Ресницы затрепетали, мутные покрасневшие глаза глянули на Алёнку. И тут, словно солнце озарило тёмный уголок леса. Иссохшие потрескавшиеся губы едва заметно улыбнулись.
– Алёнушка… Ты такая… взрослая…
Усилие забрало последние силы, голова упала на грудь, Калина не шевелилась.
– Ты будешь лучшей жертвой, ибо изба тебя любит, – пристально глядя на них, сказал Кощей. Голос звучал ровно, без эмоций. Алёнка его не слушала.
– Мамочка, сейчас я тебе помогу. Ты все это время была тут, а я не почувствовала… – она замерла на миг и тряхнула волосами. – Нет, я чувствовала. Но даже не могла помыслить, что это может оказаться правдой.
Она потянула за руку, которая влипла в камень. Та подалась неожиданно легко. Алёнка обрадованно ухватилась за вторую.
– Сейчас. Мы тебя освободим…
Калина впервые подала признаки жизни. Губы шевельнулись, рука дрогнула, словно хотела оттолкнуть дочь.
– Все хорошо, мамочка. Это я, Алёнушка. Я спасу тебя. Все позади.
Она обхватила Калину обеими руками и потянула. Мама была такая худая, что это не составило никакого труда.
Кощей позволил себе холодную улыбку. Калина легко вышла из камня, оставляя зияющие пустоты. Алёнка не удержалась и упала. Падая, старалась, чтобы мама оказалась сверху.
Она приложилась затылком о пол, прикусила язык, но даже не ощутила боли. Осторожно уложила Калину на пол, та вытянулась, бледная и тощая, как труп.
– Что же это?! Что делать? – Алёнка огляделась в поисках чего-то полезного, но вдруг закричала и подалась назад. Рядом с черным камнем стоял деревянный гроб, в нем лежало тело в меховой безрукавке. Девица сразу поняла, что это мертвец, потому что у него не было головы.

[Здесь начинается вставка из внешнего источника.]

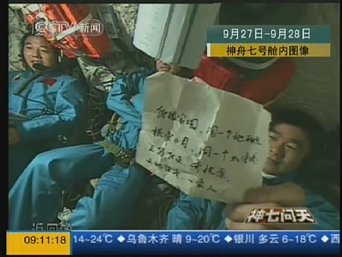 ·圖:中國(guó)人實(shí)現(xiàn)首次太空行走(9月27日 17:56)
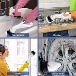 B-care Elektrische Schoonmaakborstel – 4 Opzetstukken – Wasborstel – Poetsmachine – Schrobborstel – Handborstel – Werkborstel – Schrobber – Boorborstel – Schoonmaakmiddelen – Reinigingsborstel
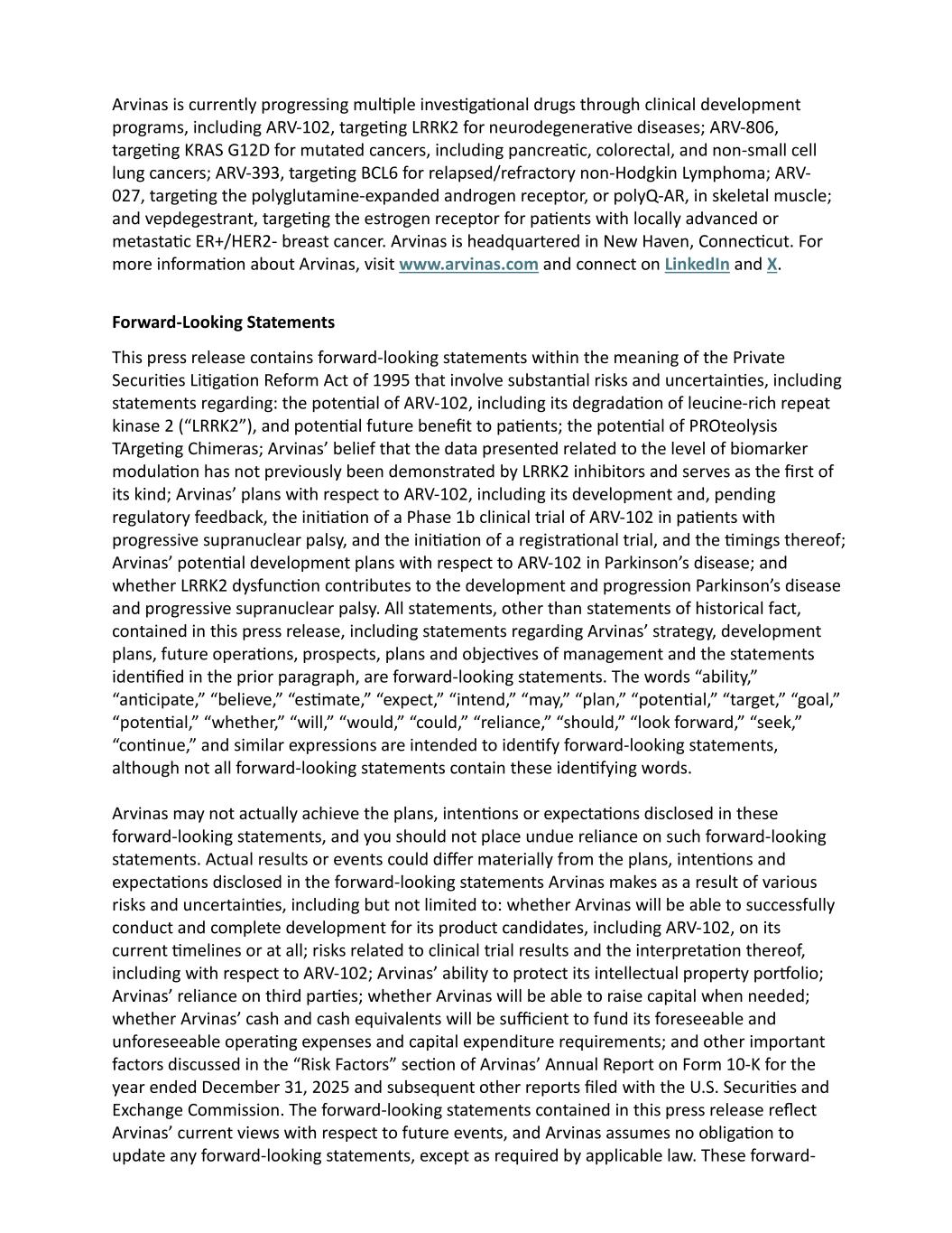 Arvinas is currently progressing multiple investigational drugs through clinical development programs, including ARV-102, targeting LRRK2 for neurodegenerative diseases; ARV-806, targeting KRAS G12D for mutated cancers, including pancreatic, colorectal, and non-small cell lung cancers; ARV-393, targeting BCL6 for relapsed/refractory non-Hodgkin Lymphoma; ARV- 027, targeting the polyglutamine-expanded androgen receptor, or polyQ-AR, in skeletal muscle; and vepdegestrant, targeting the estrogen receptor for patients with locally advanced or metastatic ER+/HER2- breast cancer. Arvinas is headquartered in New Haven, Connecticut. For more information about Arvinas, visit www.arvinas.com and connect on LinkedIn and X. Forward-Looking Statements This press release contains forward-looking statements within the meaning of the Private Securities Litigation Reform Act of 1995 that involve substantial risks and uncertainties, including statements regarding: the potential of ARV-102, including its degradation of leucine-rich repeat kinase 2 (“LRRK2”), and potential future benefit to patients; the potential of PROteolysis TArgeting Chimeras; Arvinas’ belief that the data presented related to the level of biomarker modulation has not previously been demonstrated by LRRK2 inhibitors and serves as the first of its kind; Arvinas’ plans with respect to ARV-102, including its development and, pending regulatory feedback, the initiation of a Phase 1b clinical trial of ARV-102 in patients with progressive supranuclear palsy, and the initiation of a registrational trial, and the timings thereof; Arvinas’ potential development plans with respect to ARV-102 in Parkinson’s disease; and whether LRRK2 dysfunction contributes to the development and progression Parkinson’s disease and progressive supranuclear palsy. All statements, other than statements of historical fact, contained in this press release, including statements regarding Arvinas’ strategy, development plans, future operations, prospects, plans and objectives of management and the statements identified in the prior paragraph, are forward-looking statements. The words “ability,” “anticipate,” “believe,” “estimate,” “expect,” “intend,” “may,” “plan,” “potential,” “target,” “goal,” “potential,” “whether,” “will,” “would,” “could,” “reliance,” “should,” “look forward,” “seek,” “continue,” and similar expressions are intended to identify forward-looking statements, although not all forward-looking statements contain these identifying words. Arvinas may not actually achieve the plans, intentions or expectations disclosed in these forward-looking statements, and you should not place undue reliance on such forward-looking statements. Actual results or events could differ materially from the plans, intentions and expectations disclosed in the forward-looking statements Arvinas makes as a result of various risks and uncertainties, including but not limited to: whether Arvinas will be able to successfully conduct and complete development for its product candidates, including ARV-102, on its current timelines or at all; risks related to clinical trial results and the interpretation thereof, including with respect to ARV-102; Arvinas’ ability to protect its intellectual property portfolio; Arvinas’ reliance on third parties; whether Arvinas will be able to raise capital when needed; whether Arvinas’ cash and cash equivalents will be sufficient to fund its foreseeable and unforeseeable operating expenses and capital expenditure requirements; and other important factors discussed in the “Risk Factors” section of Arvinas’ Annual Report on Form 10-K for the year ended December 31, 2025 and subsequent other reports filed with the U.S. Securities and Exchange Commission. The forward-looking statements contained in this press release reflect Arvinas’ current views with respect to future events, and Arvinas assumes no obligation to update any forward-looking statements, except as required by applicable law. These forward-
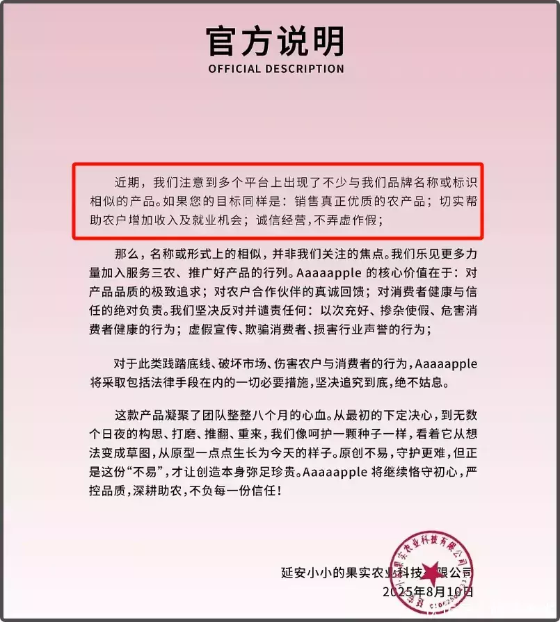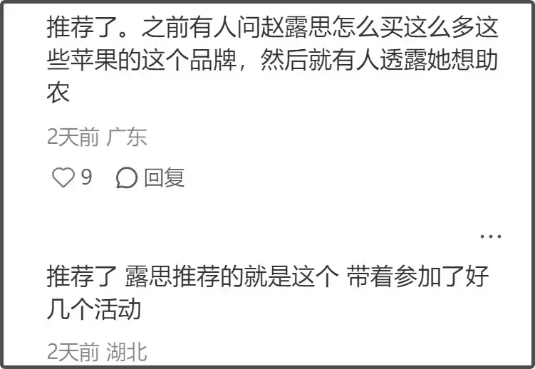 这一套关系链引起网友注意,如果这么算的话,网友买助农产品,还助了赵露思?毕竟助农苹果干的品牌有很多,网友都去买这家,都是源自于赵露思的明星效应。这个品牌还曾发声明打击盗版,呼吁网友认准官方。
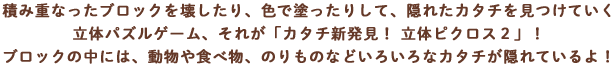カタチ新発見!立体ピクロス2™で遊べるよ!
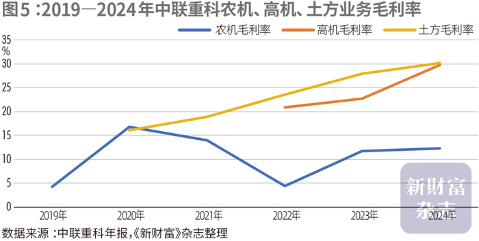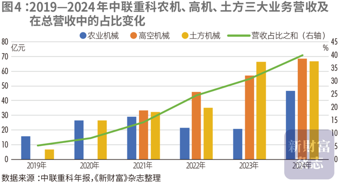 2019—2024年,中联重科的土方机械营收实现8.6倍的增长,农机实现近两倍的增长,高机则在4年内实现翻倍,三大业务营收之和在总营收中的占比由5.27%上涨至39.92%(图4)。
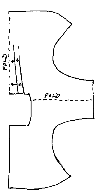 Measurements needed: __ length from the shoulder fold to the hem __ Waist: width of torso at waistline (or raised waistline, for early 19th c. styles), plus 2" to 3" for ease __ width from the back center line to about 1-2" below your elbow __ circumference of your arm just below the elbow, plus about 2" __ width of neckline: measure from center line to about 3" in from shoulder __ depth of neckline in front: measure from top of shoulder to about 1-2" above top of stays (depth of neckline in back should be about 2" to 3") |

– Так вышло, что судьбы вашей семьи плотно переплетены с судьбой избы. Это, например, твой дед. Мне пришлось отрубить ему голову, чтобы изба поверила, что она убийца.
Алёнка ощутила ногами и всем телом, как Чудышко начала бить дрожь.
– Ложь, – проговорила она. – Я так и думала, что это была ложь.
– Творение Мастера, не смотря на свои размеры и устрашающий вид, вышло донельзя безобидным, – в голосе Кощея послышалось презрение. – А ведь те люди во главе с твоим дедом всерьёз собирались её уничтожить, причинили боль.
Алёнка вскочила на ноги.
– Чудышко?! Ты понимаешь, что это значит?! – девица сияла. – Ты ни в чем не виновата! Ты не творила зла!
– О чем я и говорил, – презрительно сморщился Кощей. – Мотыльки. Вы мотыльки, навыдумывали себе понятий – добро, зло. Мы, стихийные боги живём вне рамок добра и зла. Мы привносим в этот мир смысл, все остальное – пустые речи.
– Ты ни в чем не виновата, – продолжала кричать Алёнка. – Ты… свободна.
– Ну-ну-ну. Не внушай избе ложную надежду. Не то она возненавидит и тебя…
– Предательство, убийство, обман – вот твоя суть, – Алёнка резко повернулась к Кощею. Её красивое лицо исказилось гневом. – Кто в здравом уме пойдёт за таким богом? Твой вес ничто рядом с добротой Чудышко. Рядом с жертвенностью моей мамы. Рядом творчеством Лесного Мастера. Ты гроза, грохочущая на небе, скала, низвергающая лаву, ураган, наводнение. Безумная необузданная стихия.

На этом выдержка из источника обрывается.